About Continuo, that is not correct. Continuo is the sum of a variable number of bass instruments and a "realization", not one or the other. The single line with the bass and the figures appears as "continuo" in scores, and the MuseScorer or ensemble leader must provide for realizing it. The "realization" does not appear in academic/library/"complete works" scores, but modern performing editions often include a realization, so you may or may not want your realization (or someone else's that you copied without paying) to appear, in regular-sized notes or small. All I really want is to be able to label a staff "continuo", another "realization" (which I can do today) and NOT have the score advertised as being "for" the instruments I have chosen to be the continuo.

The problem here is not the application, the sounds, or the scores, but this crazy "for" feature which exploits information to which I do not think it is entitled with unmediated access.
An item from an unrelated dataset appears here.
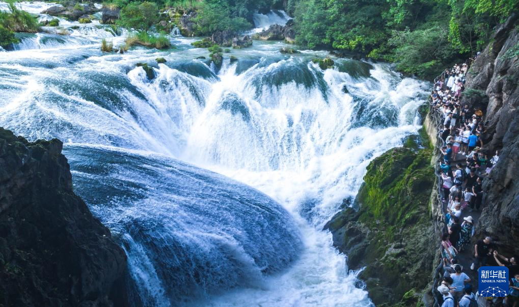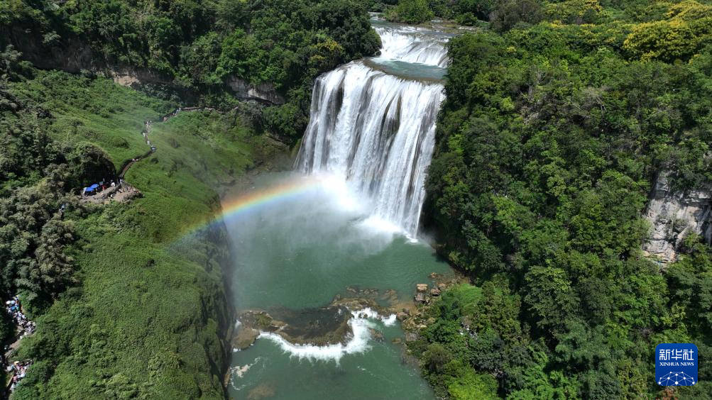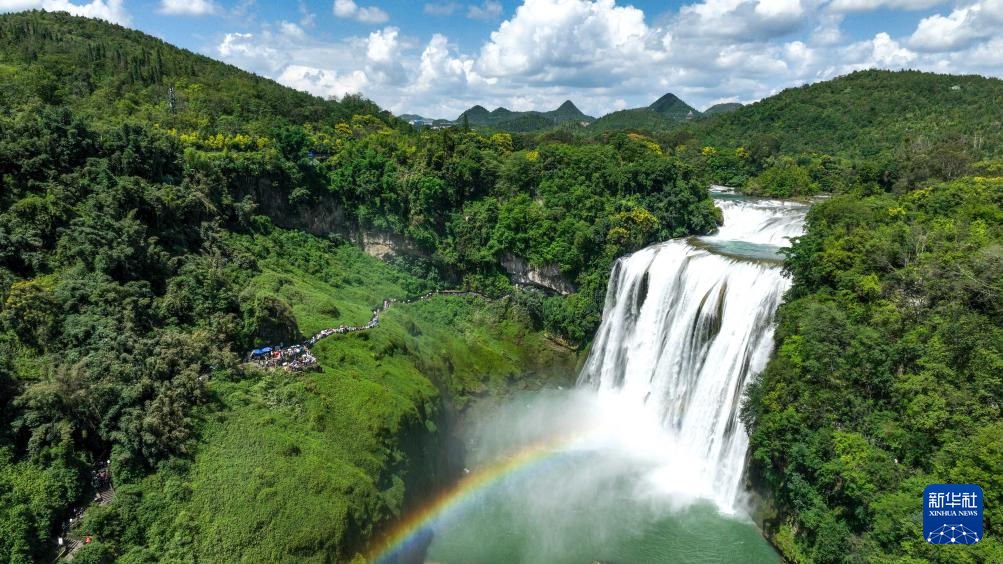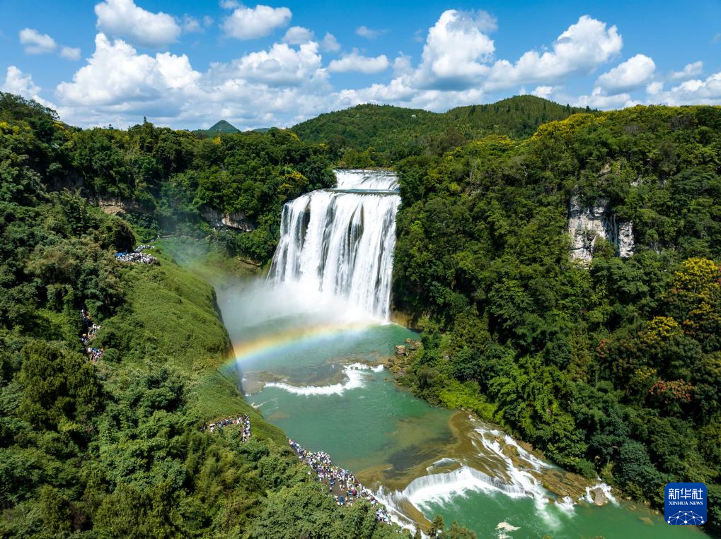 初秋时节,位于贵州省安顺市的黄果树瀑布景区进入一年中的最佳观赏期。大瀑布奔腾而下、气势磅礴,前来观赏游玩的游客络绎不绝。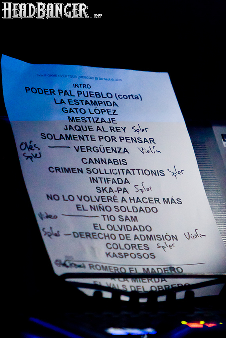 Предыдущее выступление мадридцев в Москве проходило в "Главклубе", в этот же раз организаторы решили не скупиться и забукировали площадку большей вместимости. Что было весьма радостно, поскольку в 2014-м в клубе на Орджоникидзе (как бы он ни назывался) набилось безумное количество народу, и находиться там было абсолютно некомфортно. Правда, устроить в "Стадиуме" биток не получилось, минимум треть зала была заполнена более чем свободно. Уверен, многих отпугнули цены на билеты - от 3000 рублей. Продававшиеся в фойе футболки стоили едва ли не столько же. Воистину, нужно быть не самым низкооплачиваемым специалистом, чтобы позволить себе ходить на концерты левоанархистских команд типа Ska-P!

Long Instrument name seemed like a pretty good guess, but that fails when instruments/vocals play "roles", e.g., "Rigoletto", "Evangelist", "Violin 2", and Long Instrument Name gets that. But that's clearly getting warmer.

Partname is maybe what is needed here, i.e. the instrument picked from the add nstruments dialog, has also the advantage to be translated into the user's language.

In reply to by Jojo-Schmitz

I suggested a solution that makes sense to me, with the rationale of "When you appeal to something, you have to offer something else that can be used instead"
The reason is that when the user changes the name at the head of the Staff(1), this change appears in the "Long Instrument Name" section.


(1) With double-click or right-click on it and using "Edit Element" command.

OT (or not OT?) I can't find an old (some years ago) conversation.
Someone didn't see the long instrument name on the scores loaded on MsS.com and he had found a trick, Some changes on the staff?
But I don't remember more and probably it is not relevant, only curiosity if someone remembers better.
(Please excuse me if I am inopportune)

It is exactly what is needed here, 100% exact and under the user's control. You can put your continuo there

Hmm, maybe not, that list is just too long for e.g. a full orchestra, there we'd rather want to see For Orchestra, or For Bigband or For Strings Quartett, For Brass Band, For Marching Percussion etc.

In reply to by Jojo-Schmitz

The page organization here leaves a lot to be desired. I can't tell WHAT you are saying is exactly what is needed here. "Part Name" is not an instrumental requirement: "Violin 1" is not the name of an instrument. "Long Instrument Name" is equally poor: the score should say the name of the operatic character etc, not "tenor".

Yes, for large orchestra we'd like to see "symphony orchestra". "Big Band", "string quartet", "SSATB vocal quintet", "violin and continuo." I said all that hours ago in this thread. The obvious correct answer is to allow the user to SAY exactly what he or she wants in the "For" (if anything -- the score could be a tutorial or abstract work), with no reliance on midi instruments.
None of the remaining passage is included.